Dinner:  May 17, 2007

It can be difficult to do things like cooking or even just eating when life hands you something ugly, but I try to use cooking as a coping mechanism – a distraction of sorts, a way to busy myself with the process of creating something good and restorative for myself and those around me. Feeding yourself and those you love is a basic, nurturing thing, and spending a bit of time in the kitchen, even when I feel like I’m just going through the motions, is something I rely on to get through rough patches.

I am grateful at times like these that we tend to sketch out menus for the week in advance, and that we have an abundance of pantry staples to pull out when we need something nourishing but fuss-free. As much as I love being inspired by what is fresh and shiny at the market, sometimes I just need to cook up one of those meals that I have done countless times and don’t have to think too much about.

We’ve always got sardines in the pantry for snacking or light lunches, but I also love using them with pasta. We generally get the King Oscar brand, which I believe are readily available in most stores, but we recently picked up a box of these imported Portuguese sardines at Russ and Daughters, so I decided to use them.

I got a big pot of water boiling for the pasta while I trimmed and sliced a fennel bulb and chopped half of a large ripe tomato (I used fresh because we had a leftover fresh tomato on hand; you could certainly substitute chopped canned tomatoes – about a cup worth). I placed about 4 tablespoons of olive oil in a wide skillet over medium heat, and then added three fat cloves of garlic (peeled and chopped). I added two anchovy filets to the garlic and oil and mashed them with the back of my spoon until they melted into the oil. The fennel went in next with a pinch of salt, and I cooked it for about 5 minutes. I added a splash of white vermouth next and let that bubble down, then added the tomatoes and a splash of sherry vinegar.
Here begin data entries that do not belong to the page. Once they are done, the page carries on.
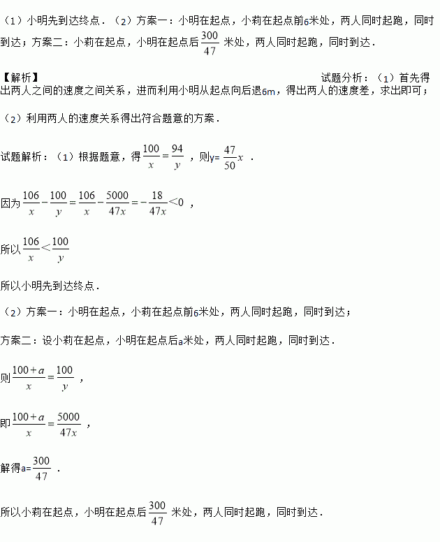 (2)如果两人想同时到达终点,应如何安排两人起跑位置?请设计两种方案.
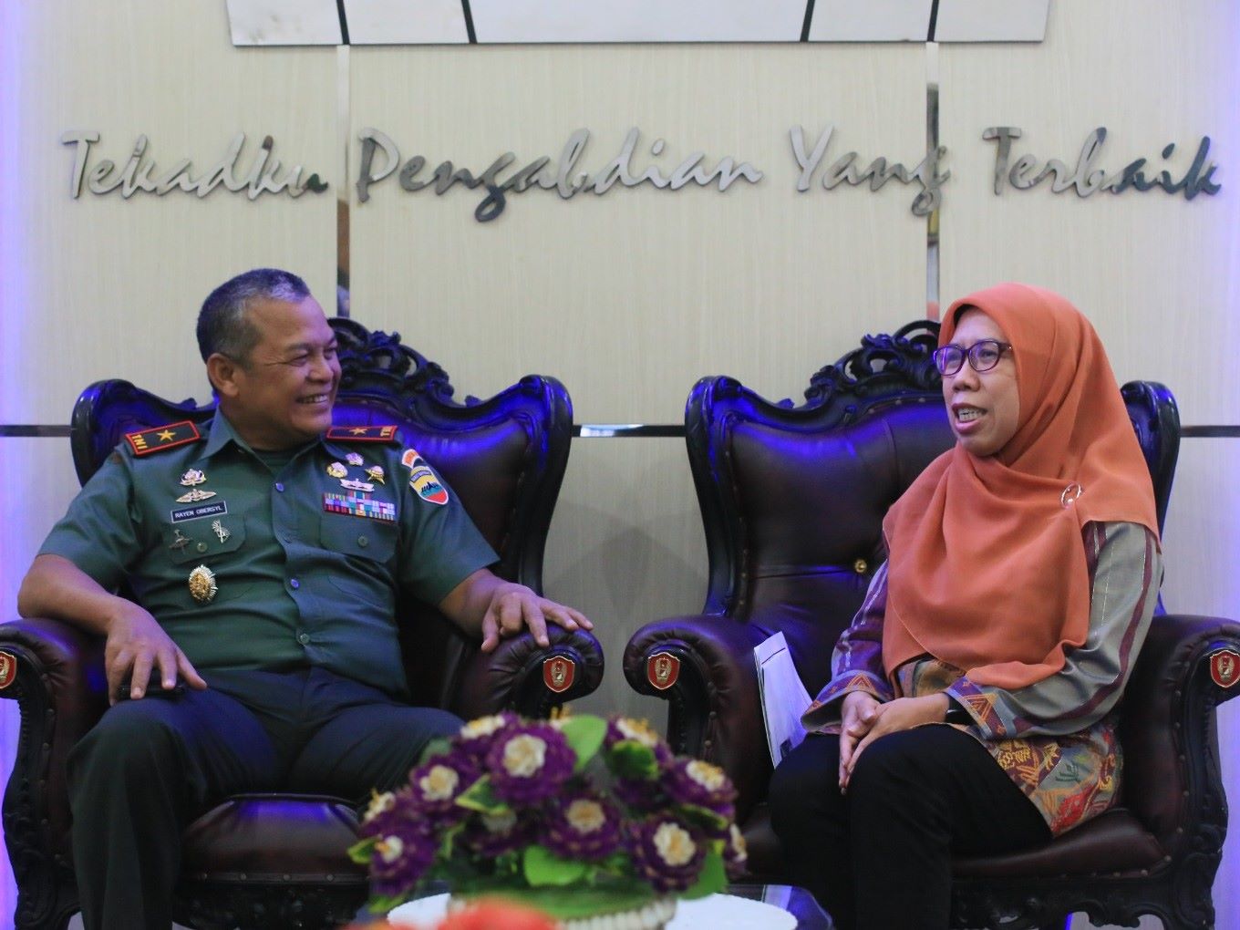 Kepala Kantor Wilayah Direktorat Jenderal Pajak (Kanwil DJP) Sumatera Barat dan Jambi Etty Rachmiyanthi melakukan kunjungan kerja guna menjalin silaturahmi sekaligus memperkenalkan diri kepada Brigadir Jenderal TNI Rayen Obersyl di Kantor Komando Resor Militer 032/Wirabraja di Jalan Sudirman No.29 Padang (Kamis, 30/3).
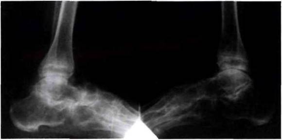 Рис. 23-6. Рентгенограмма стоп больного ювенильным анкилозирующим спонилоартритом: «анкилозирующий тарзит».
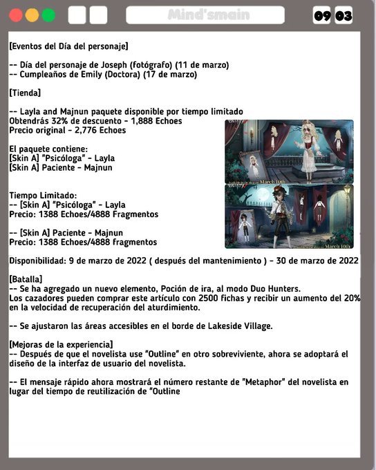 Notas del parche - 9 de marzo

I stirred this all together, lidded it up, and let it simmer over low heat while the pasta cooked.

I cooked about half a pound of linguine in boiling salted water until it was short of al dente – roughly 6-7 minutes. Shortly before the pasta was ready, and after the sauce had reduced a bit, I added my sardines to the sauce – one can, with their oil. I broke the sardines up just a little with my spoon, added the linguine to the sauce along with a little bit of the pasta water and tossed everything through. I placed the pasta into bowls and topped it with a little fresh parsley and toasted breadcrumbs. (I had intended to top the pasta with fennel fronds and lemon zest, but frankly, I forgot.)

Mike poured a couple of glasses of Nero d’Avola, and as we sat in the dim light of our living room with our plates in our laps, quietly eating our meal, I felt a bit of calm come over me. Despite everything that was going on, I was eating good food with someone I love very much beside me, and I knew that things would be all right. Besides, as any cook knows, you sometimes need a little something bitter to bring out the sweet.